> _Task directions_:
Below are records to repeat exactly; do not include any pictures.
___
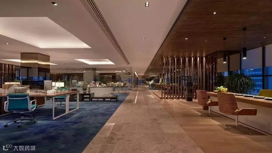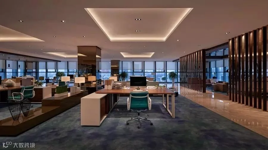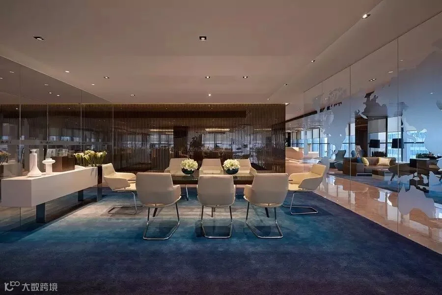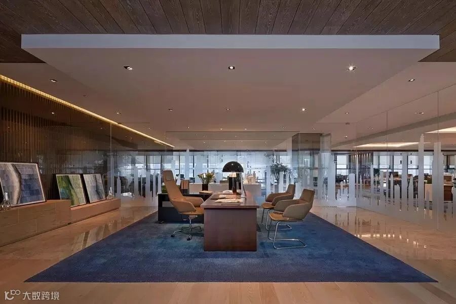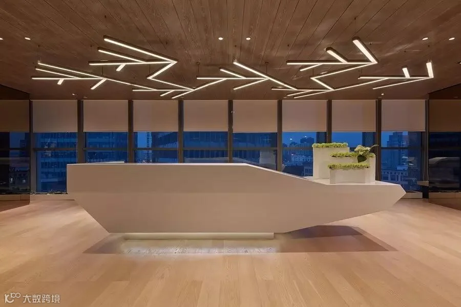 办公室以时尚、高科技术为背景,灯光的运用是办公区的特色之一,天花上树枝状灯光倒影在地面艺术性极强,办公区地毯以湖蓝色呈现,敞开式办公区,营造了一种甲级高端写字楼的氛围。
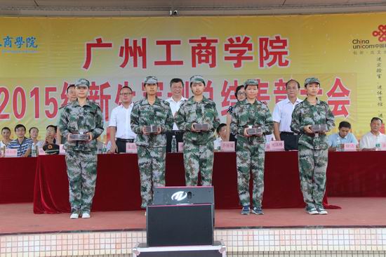 学院副院长朱特威宣读表彰军训先进集体和先进个人的通知。学院领导向在军训中成绩突出的优秀集体与个人颁奖,希望他们继续发扬不怕苦不怕累的精神。颁奖仪式后,军训新生代表发言。他们自豪地谈了这军训12天来所付出的汗水和收获,并表示今后继续发扬这种不怕苦不怕累的精神和做好先锋模范作用,为学院增添新的活力。
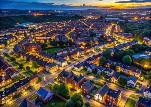 Bolton Housing Estate Aerial Night Photography - Low Light Drone Shot
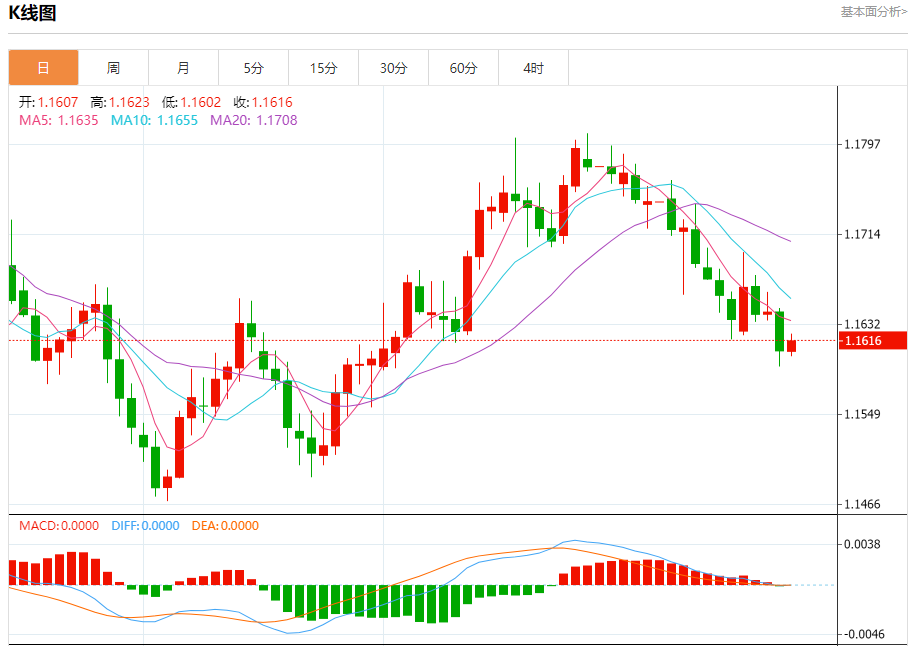 汇价高见1.1623,低见1.1602。上一交易日,汇价收于1.1607。
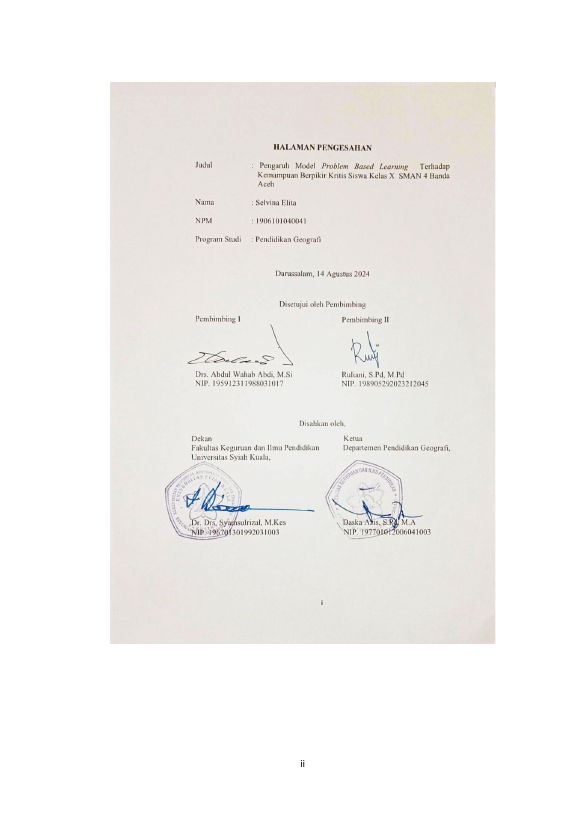 Baca Juga : PERBANDINGAN HASIL BELAJAR PESERTA DIDIK MENGGUNAKAN MODEL PROBLEM BASED LEARNING DENGAN MODEL CONTEXTUAL TEACHING AND LEARNING DALAM PELAJARAN GEOGRAFI KELAS X DI SMAN 5 BANDA ACEH (NOVRA RIZKIA, 2020)
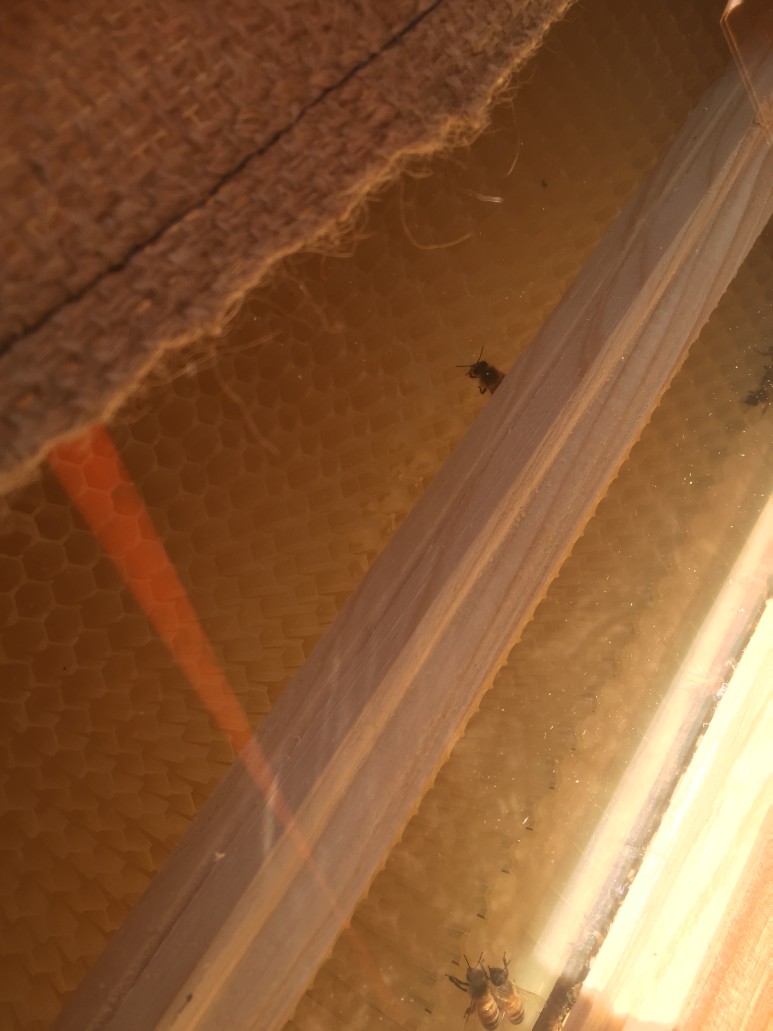 플로우 하이브 통에 벌이 넘쳐서 분통 하였는데 여왕별이 탄생했다. 과거 분통 했던 글은 https://sailinglife.tistory.com/39 분통을 하고 약 14일만에 여왕벌이 나왔다. 지난주 일요일 내검을 하면서 기존에 있던 왕대들이 다 제거되고 있어서 깜쪽 놀랐다. 여왕벌이 출방을 한 것인지 어쩐 것인지 왕대는 뭔가 나온 것 같은데, 아무리 보아도 여왕벌이 없어서 걱정이 많았다. 다시 내검을 하고 또 내검을 하고 보니 이렇게 이쁜 여왕이 탄생하셨다. 어딨는지 보이나요? 처녀왕은 교미한 왕보다 엉뎅이가 짧고, 생김세가 일벌과 비슷해서 찾기 어렵지만, 자세히 보면 엉뎅이가 역삼각형 모양이고, 검은띠가 거의 없으며 등에 털이 없고 맨질맨질합니다. 또 다리가 좀더 굵습니다. 보이시나요?
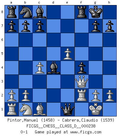Last move : 0-1 2017 June 29 12:50:16 [Event "FICGS__CHESS__CLASS_D__000238"] [Site "FICGS"] [Date "2017.06.20"] [Round "1"] [White "Pintor,Manuel"] [Black "Cabrera,Claudio"] [Result "0-1"] [WhiteElo "1458"] [BlackElo "1539"] 1.e4 e5 2.f4 exf4 3.Nf3 Be7 4.Bc4 Nf6 5.Bxf7+ Kxf7 6.e5 Ng4 7.O-O Rf8 8.d4 Kg8 9.c4 d6 10.Qb3 dxe5 11.dxe5 Bc5+ 12.Kh1 Nf2+ 13.Kg1 Qd3 14.Rxf2 Qe2 15.Nd4 Bxd4 16.Qf3 Qe1+ 0-1 KGA : Cunningham, Euwe defense Kingside Castling by player White (move 7) Player Black won this chess game. Follow this game move after move (download)Chess is so inspiring that I do not believe a good player is capable of having an evil thought during the game. (Wilhelm Steinitz) Kombinieren und Schwarzhandel gehören verboten. (Savielly Grigorievitsch Tartakower) ¡Examina movidas que hagan daño! Un buen ojo for movidas desvastantes es mucho mas importante que el conocimiento de principios estratégicos. (Purdy) Si rien de grave n'est détecté lors de l'analyse d'une position, on joue alors le coup. Seconde règle de Blumenfeld. You must have a dream in order to have it come true. (A.P.J. Kalam)
___
> _The completed task_:
 办公室以时尚、高科技术为背景,灯光的运用是办公区的特色之一,天花上树枝状灯光倒影在地面艺术性极强,办公区地毯以湖蓝色呈现,敞开式办公区,营造了一种甲级高端写字楼的氛围。
 学院副院长朱特威宣读表彰军训先进集体和先进个人的通知。学院领导向在军训中成绩突出的优秀集体与个人颁奖,希望他们继续发扬不怕苦不怕累的精神。颁奖仪式后,军训新生代表发言。他们自豪地谈了这军训12天来所付出的汗水和收获,并表示今后继续发扬这种不怕苦不怕累的精神和做好先锋模范作用,为学院增添新的活力。
 Bolton Housing Estate Aerial Night Photography - Low Light Drone Shot
 汇价高见1.1623,低见1.1602。上一交易日,汇价收于1.1607。
 Baca Juga : PERBANDINGAN HASIL BELAJAR PESERTA DIDIK MENGGUNAKAN MODEL PROBLEM BASED LEARNING DENGAN MODEL CONTEXTUAL TEACHING AND LEARNING DALAM PELAJARAN GEOGRAFI KELAS X DI SMAN 5 BANDA ACEH (NOVRA RIZKIA, 2020)
 플로우 하이브 통에 벌이 넘쳐서 분통 하였는데 여왕별이 탄생했다. 과거 분통 했던 글은 https://sailinglife.tistory.com/39 분통을 하고 약 14일만에 여왕벌이 나왔다. 지난주 일요일 내검을 하면서 기존에 있던 왕대들이 다 제거되고 있어서 깜쪽 놀랐다. 여왕벌이 출방을 한 것인지 어쩐 것인지 왕대는 뭔가 나온 것 같은데, 아무리 보아도 여왕벌이 없어서 걱정이 많았다. 다시 내검을 하고 또 내검을 하고 보니 이렇게 이쁜 여왕이 탄생하셨다. 어딨는지 보이나요? 처녀왕은 교미한 왕보다 엉뎅이가 짧고, 생김세가 일벌과 비슷해서 찾기 어렵지만, 자세히 보면 엉뎅이가 역삼각형 모양이고, 검은띠가 거의 없으며 등에 털이 없고 맨질맨질합니다. 또 다리가 좀더 굵습니다. 보이시나요?
Last move : 0-1 2017 June 29 12:50:16 [Event "FICGS__CHESS__CLASS_D__000238"] [Site "FICGS"] [Date "2017.06.20"] [Round "1"] [White "Pintor,Manuel"] [Black "Cabrera,Claudio"] [Result "0-1"] [WhiteElo "1458"] [BlackElo "1539"] 1.e4 e5 2.f4 exf4 3.Nf3 Be7 4.Bc4 Nf6 5.Bxf7+ Kxf7 6.e5 Ng4 7.O-O Rf8 8.d4 Kg8 9.c4 d6 10.Qb3 dxe5 11.dxe5 Bc5+ 12.Kh1 Nf2+ 13.Kg1 Qd3 14.Rxf2 Qe2 15.Nd4 Bxd4 16.Qf3 Qe1+ 0-1 KGA : Cunningham, Euwe defense Kingside Castling by player White (move 7) Player Black won this chess game. Follow this game move after move (download)Chess is so inspiring that I do not believe a good player is capable of having an evil thought during the game. (Wilhelm Steinitz) Kombinieren und Schwarzhandel gehören verboten. (Savielly Grigorievitsch Tartakower) ¡Examina movidas que hagan daño! Un buen ojo for movidas desvastantes es mucho mas importante que el conocimiento de principios estratégicos. (Purdy) Si rien de grave n'est détecté lors de l'analyse d'une position, on joue alors le coup. Seconde règle de Blumenfeld. You must have a dream in order to have it come true. (A.P.J. Kalam)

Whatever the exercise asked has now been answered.